- Leader: Sahra Wagenknecht
- Founder: Sahra Wagenknecht
- Registered: 2 February 2024
- Split from: The Left faction (Bundestag)

Website
- bsw-bt.de

= BSW group (Bundestag) =

German parliamentary group

The BSW group was a parliamentary group in the 20th German Bundestag. BSW stands for Bündnis Sahra Wagenknecht, Sahra Wagenknecht being the party founder and leader. All ten members of the group were previously in the Die Linke fraction, which was dissolved in December 2023. The BSW group was recognized as a group on 2 February 2024.

Following the 2025 German federal election, the BSW would fail to reach 5% and thus lose all seats.
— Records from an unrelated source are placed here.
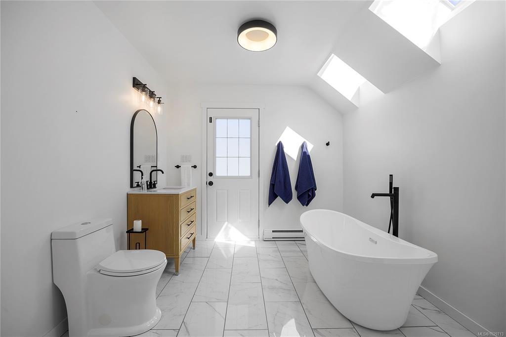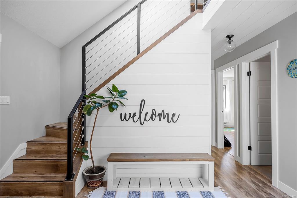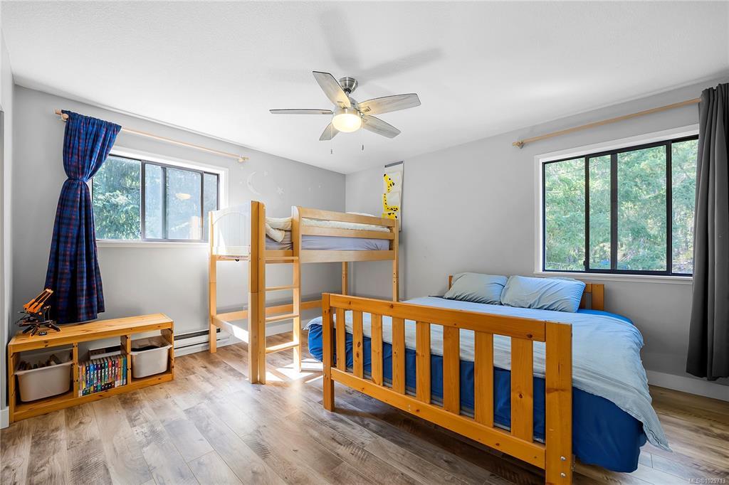 Charming 4 bedroom, 3 bath home on an acre of land in the serene Cedar By the Sea, perfect for families. Recently renovated, the interior boasts vaulted ceilings, modern flooring, and big windows letting in tons of natural light. The spacious kitchen w/ updated appliances and quartz countertops, flows into the living room with a wood fire, creating an inviting, and cozy living space. A bedrm and office (or 2 beds) and full bath complete the main floor. Upstairs are 2 bedrms, 2 baths. The primary bedrm features a walk-in closet, spa-like ensuite, and a large sunny deck. Downstairs, there's a huge rec room, and plenty of storage. A heat pump and newly installed solar panels that generate BC Hydro credit in the summer, add comfort and cost savings. Situated on a mature, fenced lot with fruit trees, a greenhouse, and kids play ground, this is the perfect family homestead. Within walking distance of the Cable Bay trail, beach, and public boat launch. Minutes away from the Duke Point ferry.
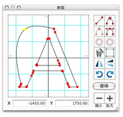 断面パレットを使ってオブジェクトの断面の編集ができます。ハンドルを追加して、弧、スプライン、ベジェなどの機能を使って、自由に形を作ることができます。断面図を編集ウインドウの形態が変更を反映され、編集結果をすぐ見ることができます。
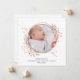 Elegantens foto med botaniska ram av koppar ro guld och klassiska bokstäver. Fotomallen är utformad så att du kan lägga till bilderna längst fram och bakåt. Båda är ramade med en cirkel med flera ring och bran ritad med löv, knop, blomma i blomma och stänk. En framtagbar design som introducerar nyfödd bebis för vänner och familj. Du kan lägga till baby namn och födelsestatus på ena sidan och ett personlig till den andra.
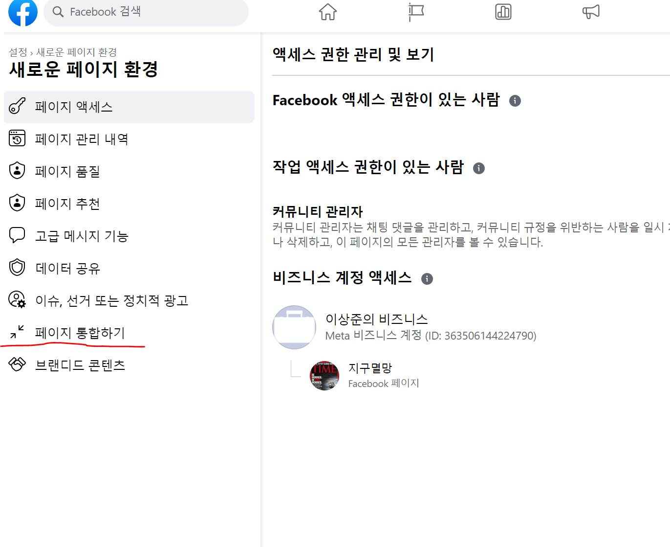페이스북 페이지를 통합하는 방법에 대해서 알아보겠습니다.
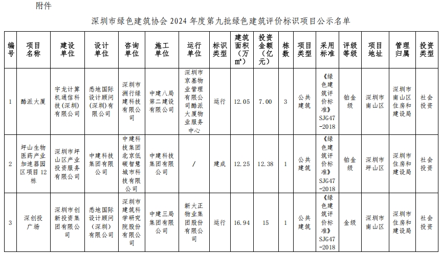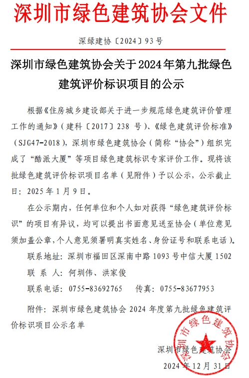 深圳市綠色建筑協(xié)會(huì)關(guān)于2024年第九批綠色建筑評(píng)價(jià)標(biāo)識(shí)項(xiàng)目的公示
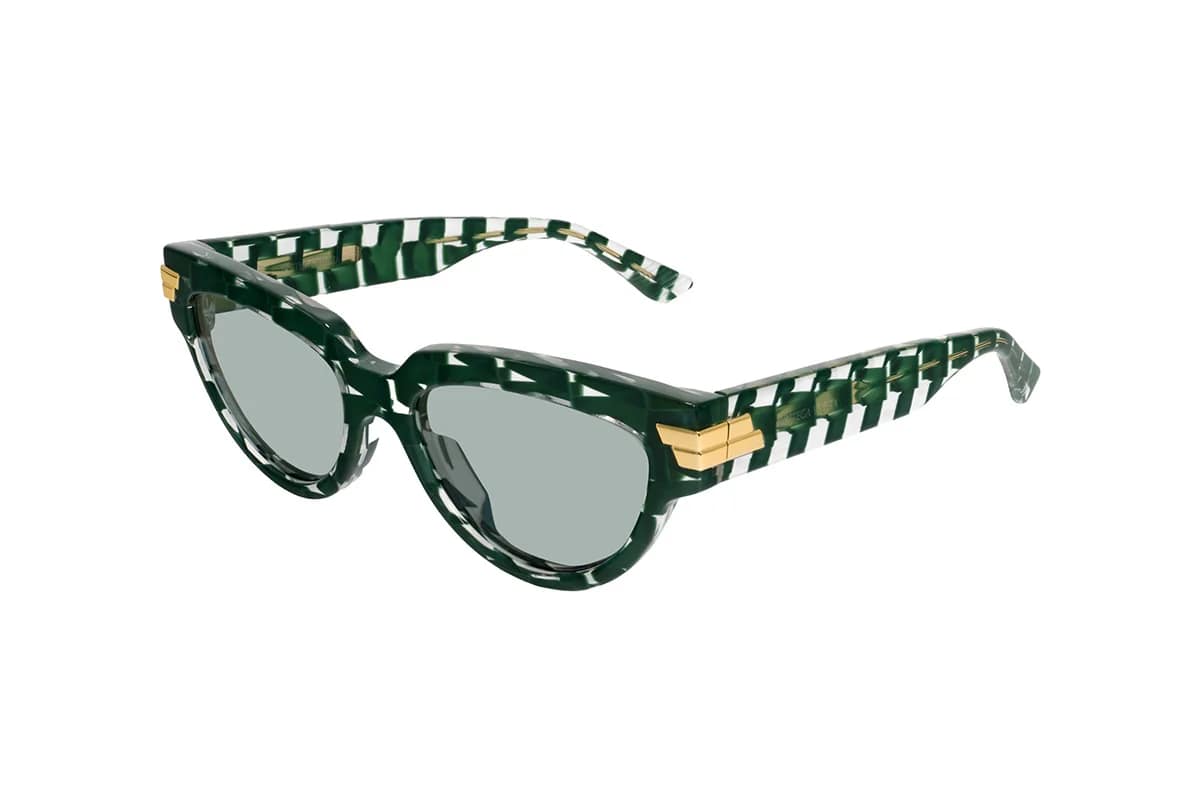 Occhiali da sole Bottega Veneta BV1035S 008 Green (Misura 55-19-145) Linea Unapologetic. Montatura donna dalla forma cat-eye morbida realizzata in acetato riciclato verde irregolare con lenti flashate in bio nylon verde. Modello impreziosito dal nuovo iconico motivo a strisce sfrangiate tridimensionale in metallo sulle aste. Superfici dal design ben definito grazie al processo di fabbricazione artigianale. Logo tono su tono inciso al laser all’esterno dell’asta sinistra. Dettagli antiscivolo all’interno dei terminali.
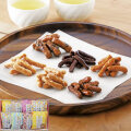 サクサクッとした食感に仕上げた、風味豊かなハチミツ入り黒糖かりんとう、ピーナッツの香ばしさと甘みが調和した、風味豊かなピーナツかりんとう、牛乳を生地に練り込み、サクサクッとした食感に仕上げた牛乳かりんとう、香ばしい黒ごまで仕上げ風味豊かな黒ごまかりんとう、チョコレートを生地にたっぷりと練り込み、カリッとかる~い食感に仕上げたチョコかりんとう、キャラメルを生地にたっぷりと掛け、しっとりと仕上げたキャラメルかりんとう。6種類のフレーバーを楽しめるかりんとう詰め合わせです。
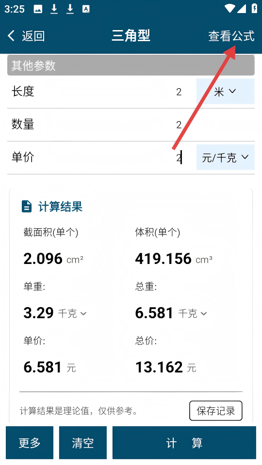 3、在三角型计算页面,点击右上角【查看公式】按钮,可查看计算公式。
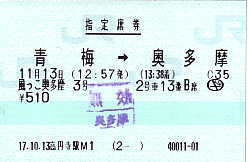 11月12・13・19・20日に仙台支社の「風っこ」が初めて東京都下の青梅線の青梅~奥多摩間で運転されるとあって、公式発表と同時にかなり話題になりました。私も1ヶ月前予約で指定券を取ろうとしましたが、見事寝坊し不戦敗に終わりました。指定券の半分は発売前に毎○新聞旅行の団体に抜かれてたようでしたが…。しかし、直前になって何とか13日の3号を押さえることができ、乗ってきました。
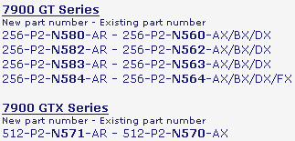 Месяц назад, ресурс ComputerBase на своих страницах поделился интересной информацией. Оказывается, что существуют покупатели, которые недовольны своими свежеприобретенный GF 7900 GT/GTX. И делятся своими впечатлениями в разных тематических форумах. При высокой нагрузке на GPU начинают появляться артефакты или же зависание системы. Такие проблемы возникают в играх Oblivion и Cellfactor, а также в тесте Deep Freeze из пакета 3DMark06. Причем не зависимо от того, разогнана видеокарта или нет. Можно было бы ссылаться на недостаточное охлаждение чипа, переразгон или же слабый блок питания, используемый с системе. Но, компания EVGA признала, что такая проблема существует и предлагает своим клиентам заменить их видеокарты на новые, согласно приведенной ниже таблички.
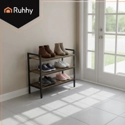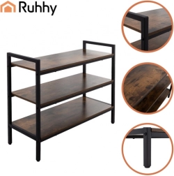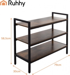 Praktyczna szafka na buty RUHHY w stylu loft łączy funkcjonalność, stabilność i elegancki wygląd. Trzy solidne półki o nośności 30 kg każda pomieszczą obuwie całej rodziny, a wytrzymała metalowa rama i drewniane półki w ciepłym odcieniu dodają wnętrzu nowoczesnego charakteru. Kompaktowe wymiary 79 × 30 × 58,5 cm oszczędzają miejsce, a ochronne stopki zapobiegają rysowaniu podłogi.
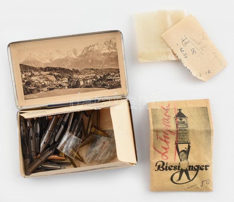 kb. 40 db régi tollhegy fém dobozban https://www.darabanth.com/de/415-Fernauktion/415.0/Kunst-Dokumente-andere-Sammelgebiete/Flohmarkt~500012/kb-40-db-regi-tollhegy-fem-dobozban~II2601815
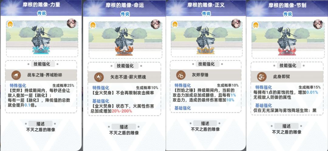 ①摩根最重要的雕像是正义,必须生成,基础数值越高越好。烈焰之锤buff是可以一直存在的,终伤对标神青,这也是随从可以取代神青的基础。基础强化叠加攻击力总加成,越战越强。

== The BSW group in the 20th German Bundestag ==
The group currently has ten members, including the former parliamentary group leader of the Left Party in the Bundestag Amira Mohamed Ali, the former party leader of the Left Party Klaus Ernst and the former deputy party leader and penultimate parliamentary group leader of the Left Party Sahra Wagenknecht:

| Member | Committee work |
|---|---|
| Klaus Ernst | Committee on Home Affairs |
| Jessica Tatti | Council of Elders and Committee for Labor and Social Affairs (Deputy Member) |
| Andrej Hunko | Health Committee, EU Affairs Committee and Foreign Affairs Committee (Substitute Member) |
| Amira Mohamed Ali | Environment, Nature Conservation, Nuclear Safety and Consumer Protection and Legal Affairs Committee |
| Alexander Ulrich | Committee on Labor and Social Affairs |
| Ali Al-Dailami | Committee on Education, Research and Technology Assessment |
| Christian Leye | Budget Committee |
| Sevim Dağdelen | Foreign Affairs Committee |
| Żaklin Nastić | Defence Committee and Committee on Family, Senior Citizens, Women and Youth |
| Sahra Wagenknecht |  |

With regard to parliamentary work, the BSW group was responsible for no legislative initiatives, no major interpellations, 32 minor interpellations, ten independent motions and three motions for resolutions in the 20th legislative term (as of July 2024).

== Background ==

=== Founding ===
After a long dispute over direction within the Left Party, Sahra Wagenknecht, together with nine other members of the Bundestag, left the Left Party on October 23, 2023, but remained in the Left faction for the time being. On November 14, 2023, the dissolution of the Left parliamentary group in the Bundestag was decided for December 6, 2023. On December 6, 2023, the parliamentary group was dissolved. On February 2, 2024, the BSW and Left groups were recognized.

=== Absence from the speech of Ukrainian President Volodymyr Zelenskyy ===
The BSW members stayed away from the speech by Ukrainian President Volodymyr Zelenskyy in the German Bundestag in June 2024. In a statement by the BSW group, the reason given was that President is currently helping to "promote a highly dangerous spiral of escalation" and is "accepting the risk of a nuclear conflict with devastating consequences for the whole of Europe." Everything must be done to ensure that the conflict does not escalate "into a major European war" and that Germany does not become a party to the war. Zelensky "should not be honoured with a special event in the German Bundestag". Chancellor Olaf Scholz and opposition leader Friedrich Merz sharply criticized the BSW for its absence and viewed it as a lack of respect. Politicians from the Left also criticized the BSW for this.